Topping the list of facility needs is a replacement for Bryan County Elementary School, but more classrooms at Lanier Primary and completion of the board offices in the old Black Creek school are also needed, Anderson told board members.

A new Richmond Hill Elementary School opened for business this fall, but the school is already short on classroom space based on state formulas that assign classrooms based on student count.

Carver Elementary, Lanier Primary and Richmond Hill Primary are also in the same boat -- and despite a down economy, projections call for more growth in South Bryan schools.

For example, Carver is expected to have more than 1,095 students by the beginning of the 2014 school year.

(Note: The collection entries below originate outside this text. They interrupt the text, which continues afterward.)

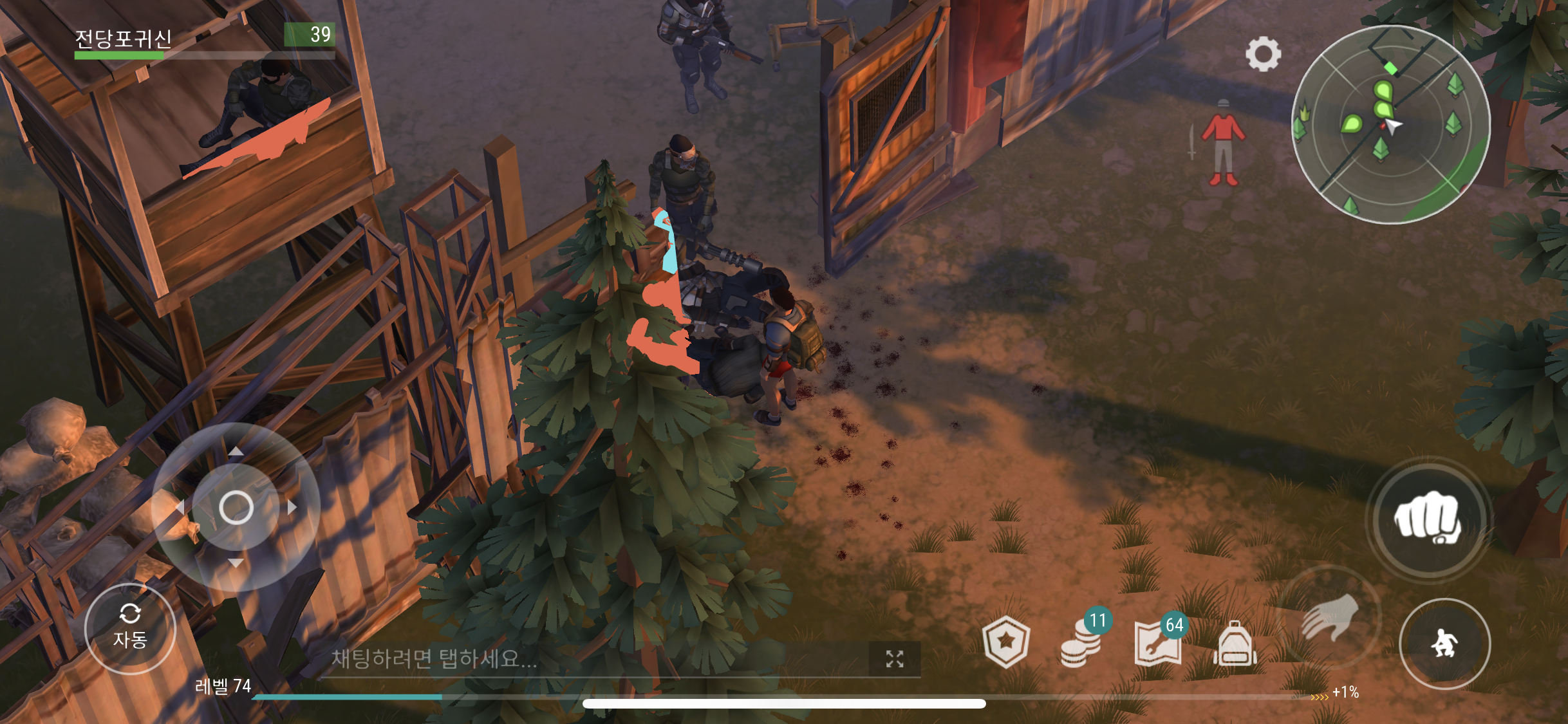 정착지에 도착하니 어떤 문 앞을 습격자 두명이 가로 막고 있었다. 미니맵에 노란색으로 표시 되길래 좀 더 가까이 갔더니..
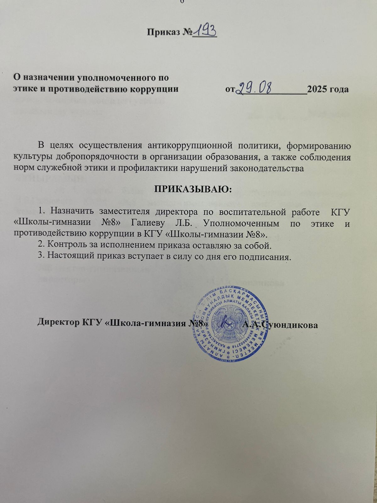 29 қыркүйек 2025 0 1 2 3 4 5 Әдеп және сыбайлас жемқорлыққа қарсы іс-қимыл жөніндегі уәкілді тағайындау туралы! О назначении уполномоченного по этике и противодействию коррупции!
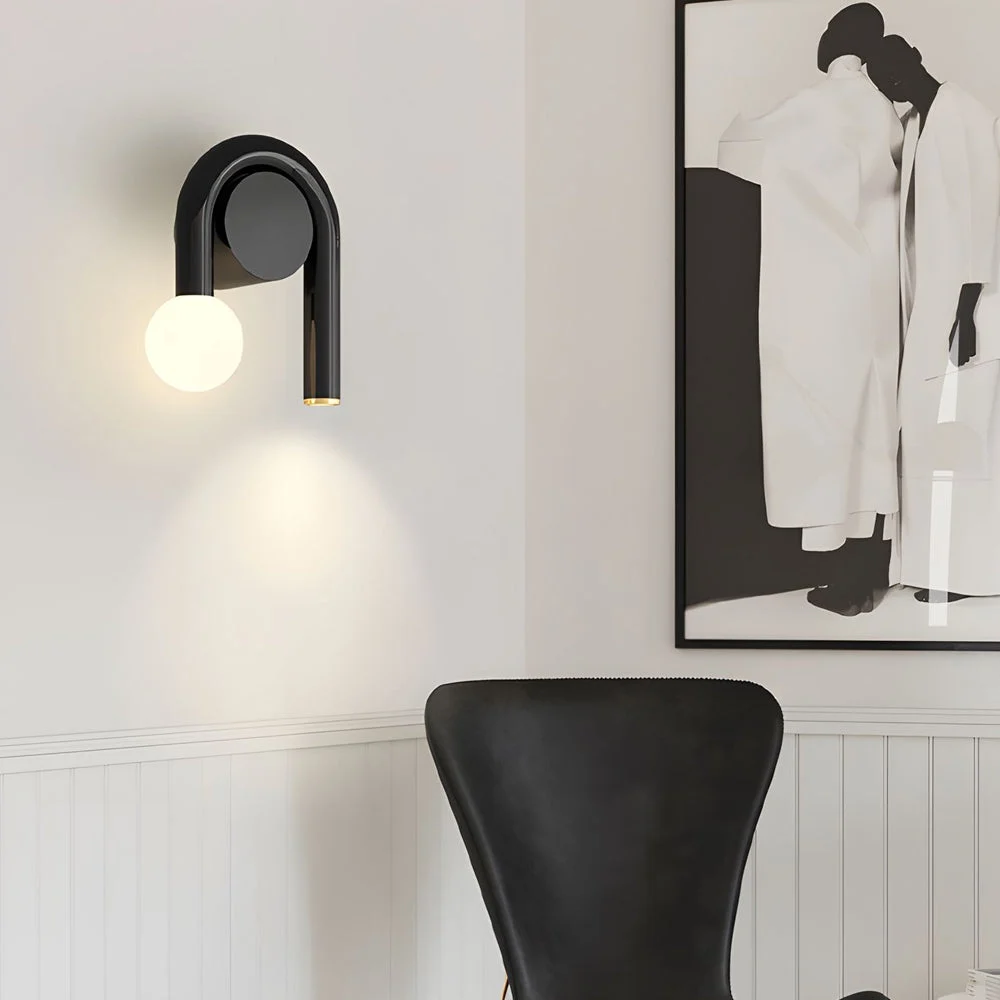 • This 2-light U-shaped line wall sconce features a unique arching tube form, with one side sweeping lower than the other. Crafted from quality iron and aluminum and finished in matte sleek black or white, its base is round and it can be mounted directly on the wall to complement a variety of modern interiors.

It currently has an enrollment of 826.

Richmond Hill High School’s enrollment, now at 1,538, could grow to more than 1,963 during the same period if the projections hold true.

By contrast, Bryan County Middle School isn’t expected to grow by more than 1 percent over the next five years. The school currently has an enrollment of 408 and projections show it with a student population of 429 by 2014. Other North Bryan schools also are expected to grow at a slow pace.

Despite the formula showing a ‘classroom deficit,’ Superintendent John Oliver said the schools aren’t overcrowded at this point because "we have maximized class size, so that means technically, we have more children in a given classroom than the state formula calls for. It’s not more than a classroom can legally hold, but it is more than the state formula."

But Oliver said the need for a new elementary school is real if South Bryan continues to grow.